@spendius,
Um, I see my sarcasm has fallen on deaf ears. What I tried to say was this.
Scientists are one of two things.
A naturally evolved animal. A jumped up monkey whose qualifications to pontificate about Life, the Universe and Everything are, relatively speaking, only few notches up from the ant. If we were ants and we were discussing likely existence of the owner of the garden in which your colony was sited, what would you say?
Or some kind of demi-god who, unlike the ant and the monkey, is fitted with an app called the soul which gives him special qualifications to pontificate about the truths of the universe. Since the scientists deny the soul, they are the first: left scratching themselves and pontificating on the nature of bananas. No Apple jokes please.

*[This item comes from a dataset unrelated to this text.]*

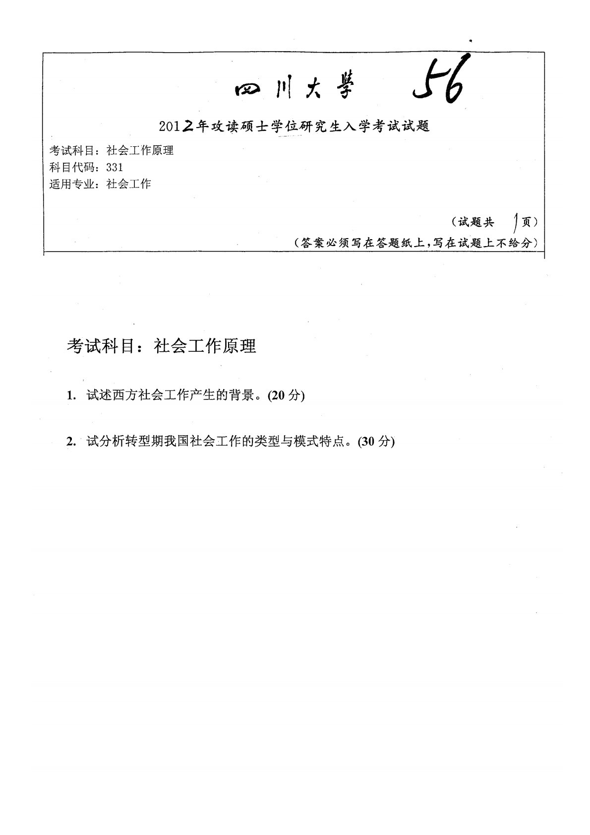 四川大学331社会工作原理2012年真题

Doesn't anyone interested in philosophy have a satirical sense of humor: particular about the Douglas Adams comic scale of it all? I personally find it hilarious. I guess Hawking must have lost his sense of humor to make the Philosophy is Dead remark. He did have a sense of humor once. He was lecturing to a class in the days he could just about speak naturally. They were discussing the boundary of the universe. Because he was hard to hear, a student at the board was relaying his stuff and demonstrating with a plastic cylinder. Suddenly, Hawking said "You have got it (the cylinder) upside down". The student blushed and hastily reversed it and Hawking cackled.

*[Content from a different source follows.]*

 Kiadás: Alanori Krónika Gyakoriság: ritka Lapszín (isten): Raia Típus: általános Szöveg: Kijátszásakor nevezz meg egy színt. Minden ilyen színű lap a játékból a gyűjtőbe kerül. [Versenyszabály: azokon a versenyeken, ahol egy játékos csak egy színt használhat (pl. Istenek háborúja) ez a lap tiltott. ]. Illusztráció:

I wonder how Einstein would have reacted to such an arrogant and blinkered remark. He said that if you want to make your kids more intelligent, tell them fairy tales. Nature is a master illusionist. Hawking is like an adult with pre-conceived ideas at a conjuring show being deceived by its sleight of hand and keeping his eyes fixed on the Hat. Without open-minded childish wonder and curiosity, he is never going to spot the Rabbit.